A 2009 study from the Environmental Law Institute found that federal subsidies for oil, gas and coal totaled more than $70 billion from 2002 to 2008, while subsidies for traditional renewables like wind and solar energy received just over $12 billion.
The issue of energy subsidies has long been a partisan one.
Last summer, at the request of Congress, the U.S. Energy Information Administration evaluated the amount of subsidies that the federal government provided energy producers from 2007 to 2010. It found that renewable energy subsidies shot up by 186 percent from $5.1 billion to $14.7 billion. (Solar got just over $1 billion, and a large chunk went to biofuels/biomass and wind. Coal jumped by 44 percent to $1.4 billion; oil and natural gas increased by 40 percent to $2.8 billion.)

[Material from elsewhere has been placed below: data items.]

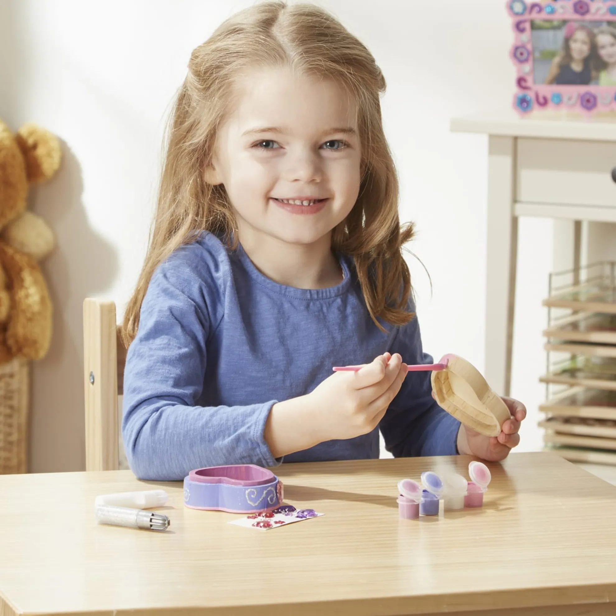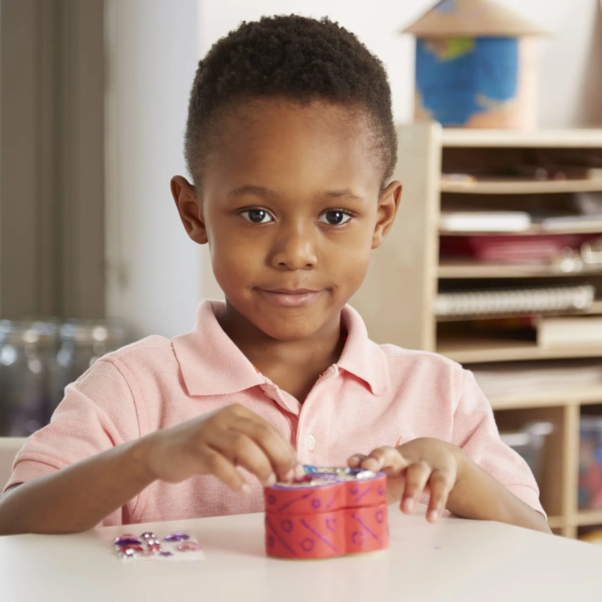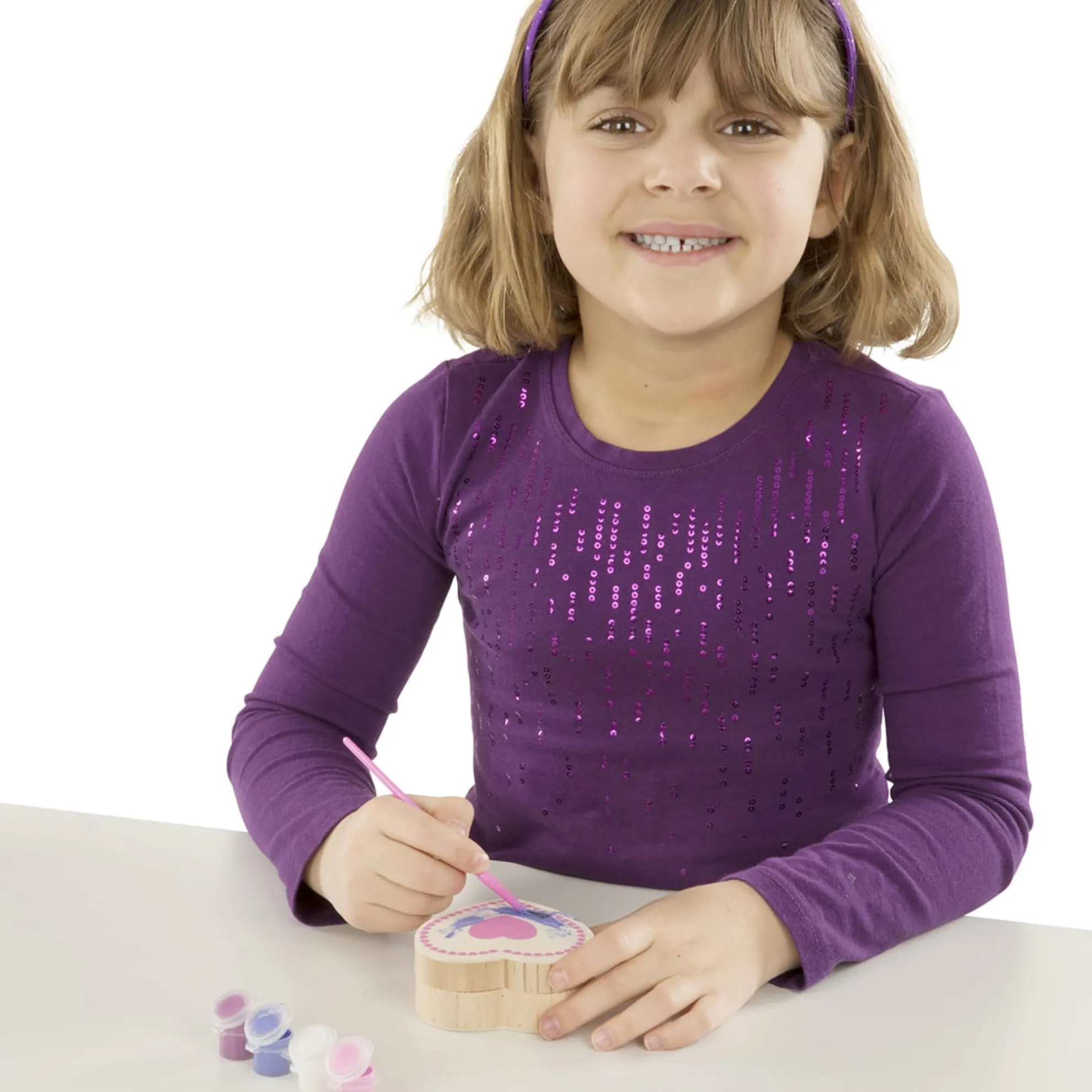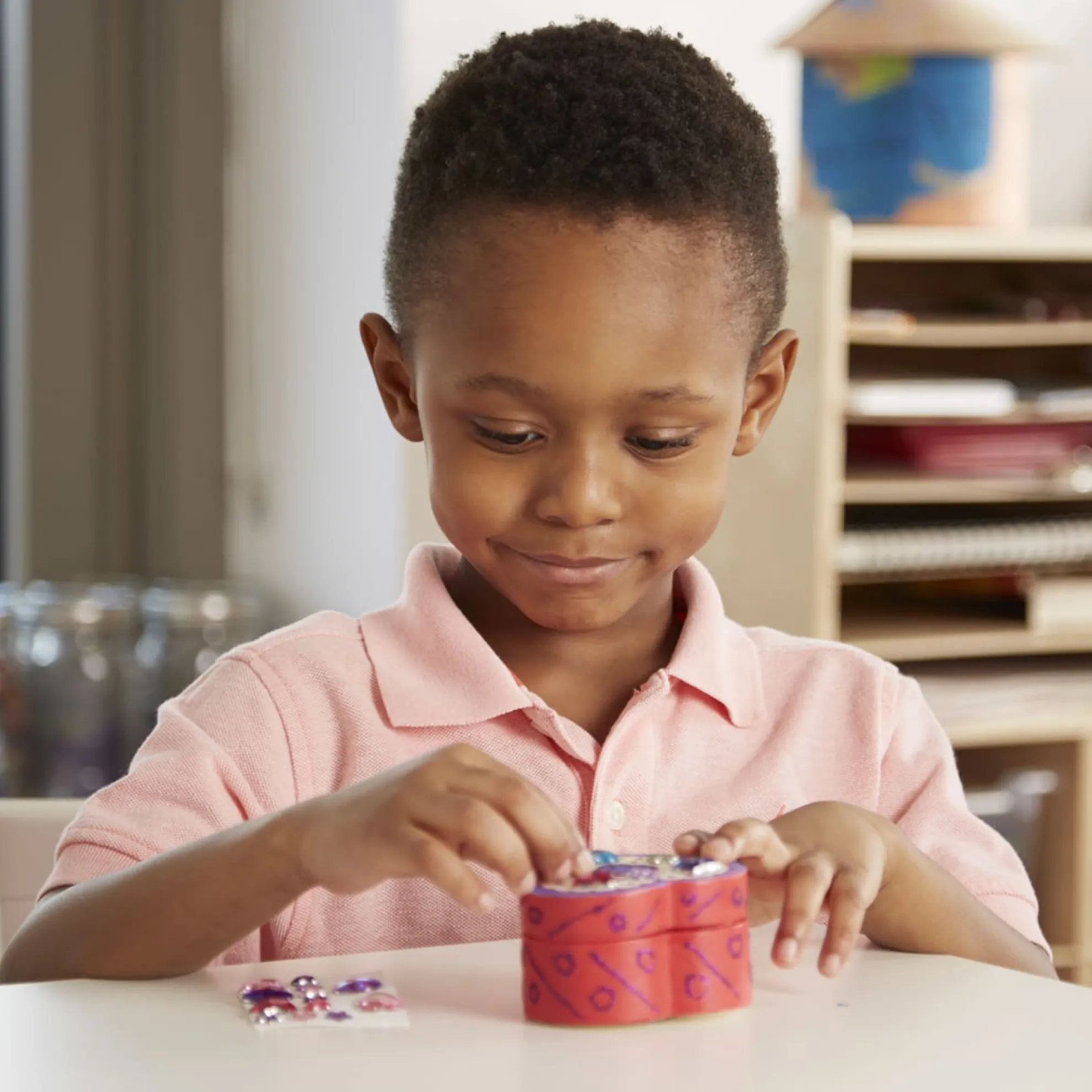Looking for the perfect spot for storing those treasures that are close to your heart? This kit includes a sturdy wooden heart-shaped box (3.1 x 1.4 x 2.9 in.), glitter glue, white glue, colorful gem stickers, 4 pots of paint, and a paintbrush to let you add your own unique personal touches to make an original craft inspired by you and your imagination! A perfect activity for parties or rainy days.
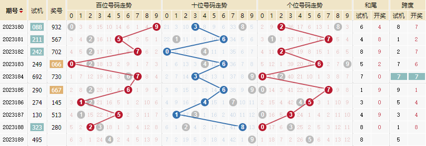 期数 | 试机号 | 关注码 | 金码 | 对应码 | 开奖号 | 出号 |
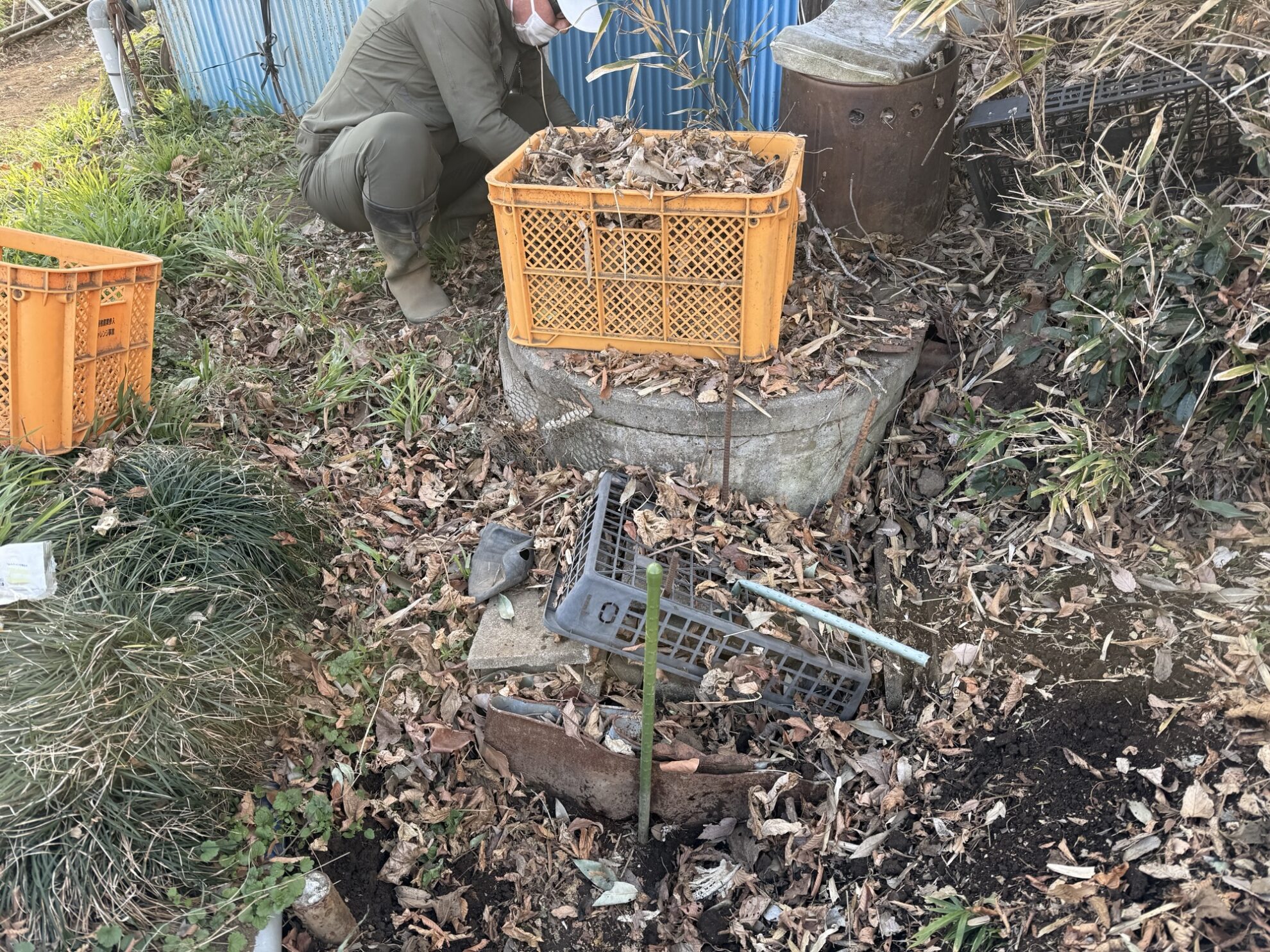 2026年1月29日(木)の作業記録 (籾殻をネットから袋へ入れ替える作業、踏み込み温床用の落ち葉拾い作業)
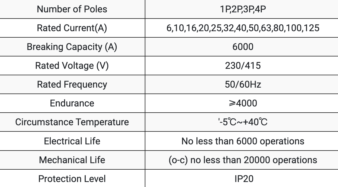 Lämpömagneettinen AC MCB | 1P-4P | 1-63a | B/C/D -käyrät | 415v | IEC/EN 60898-1
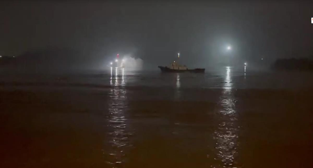 4月22日晚,一艘海船擦碰G240国道九江大桥防撞墩,在担杆洲尾水域抢滩不成功后在西江沉没。船上共有11名船员,其中7人获救,4人失联,目前正在搜救。极目新闻记者采访获悉,一艘过路船只救起了沉没船只上的4名船员。
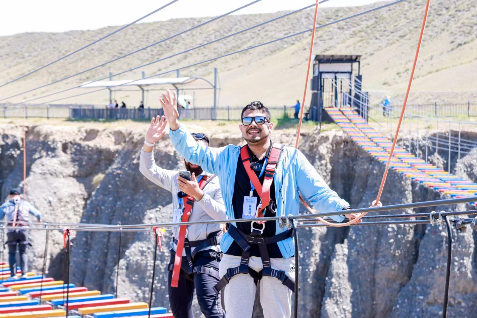 2023年7月,周凯比在新疆克拉玛依市独山子大峡谷体验空中栈桥,感受当地风貌
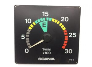 The Scania tachometer is a measuring instrument for engine RPM, displaying values from 0 to 30 (1/min x 100). It is designed for use on Scania vehicles and is manufactured by VDO. The scale is divided into colored segments to indicate different RPM ranges:
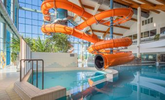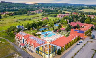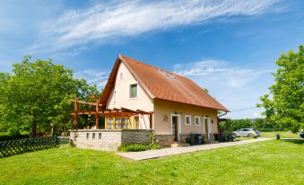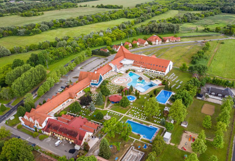 Kehidakustány 21 km from Keszthely: Mums, dads, kids and grandparents can enjoy the thermal Kehida all year round! beautiful, cosy resort, built in 2005. 15 houses in the resort. Outside the resort, in a quiet, sunny position, 300 m from the lake, in a cul-de-sac. For shared use: garden (not fenced) with plants, swimming pool (above ground) indoor pool heated (seasonal availability: 01.Jan. - 31.Dec.). WC in the pool area, shower/WC in the pool area, children's pool, slide, outdoor shower, hot tub, children's playground (sandbox). In the complex: reception, restaurant, bar, breakfast room, WiFi, sauna, fitness room, massage (extra). Steam room, solarium (extra). Hot tub, infrared sauna, bicycles available. Linen change weekly. Towel change 2 times per week. Room cleaning 2 times per week. Breakfast and half board possible (extra). Supermarket 8 km, shopping centre 11 km, restaurant, café 100 m, bicycle rental 100 m, indoor swimming pool 150 m, thermal baths 150 m, bathing lake "Balaton" 21 km. Golf course (9 hole) 1.5 km, children's playground 150 m. Well-known lakes can easily be reached: Hévíz 8 km. Please note: entertainment. Suitable for families, baby equipment on request. please note: free entry to the water park, treatment bath, beach and sauna. "Kehida", 3-room semi-detached house 70 m2 on 2 levels. Spacious and bright, simple and comfortable furnishings: open living/dining room with (2 pers.), dining nook and cable TV (flat screen). Open kitchen (2 hot plates, 2 ceramic glass hob hotplates, microwave, electric coffee machine). Exit to the terrace. Bathroom, sep. WC. Upper floor: 1 room with 1 double bed (180 cm, length 200 cm). 1 room with 2 beds. Shower/WC. Heating. Terrace. Terrace furniture. View of the countryside. Facilities: children's high chair, baby cot, baby changing unit. Parking at the house. Please note: suitable for families. Non-smoking house. Maximum 1 pet/ dog allowed. The property is one of a type of property or apartment. SZ19016225

For Horner of CEI, it’s a case of apples and oranges. He said that subsidies for conventional energy sources encourage more domestic production of an existing industry, while renewable energy support props up sectors that otherwise might not exist without a handout.
Nick Loris, an energy policy analyst at the Washington, D.C.-based Heritage Foundation, a conservative research group, favors removing all energy subsidies and letting electricity consumers drive demand for the lowest-cost technology.
“If the solar industry can mature and certain technologies can succeed in the marketplace, then that is a good thing for energy consumers—so long as it can be done without subsidies and special tax credits,” he said. “That is when I’ll believe that solar technologies are mature enough to compete.”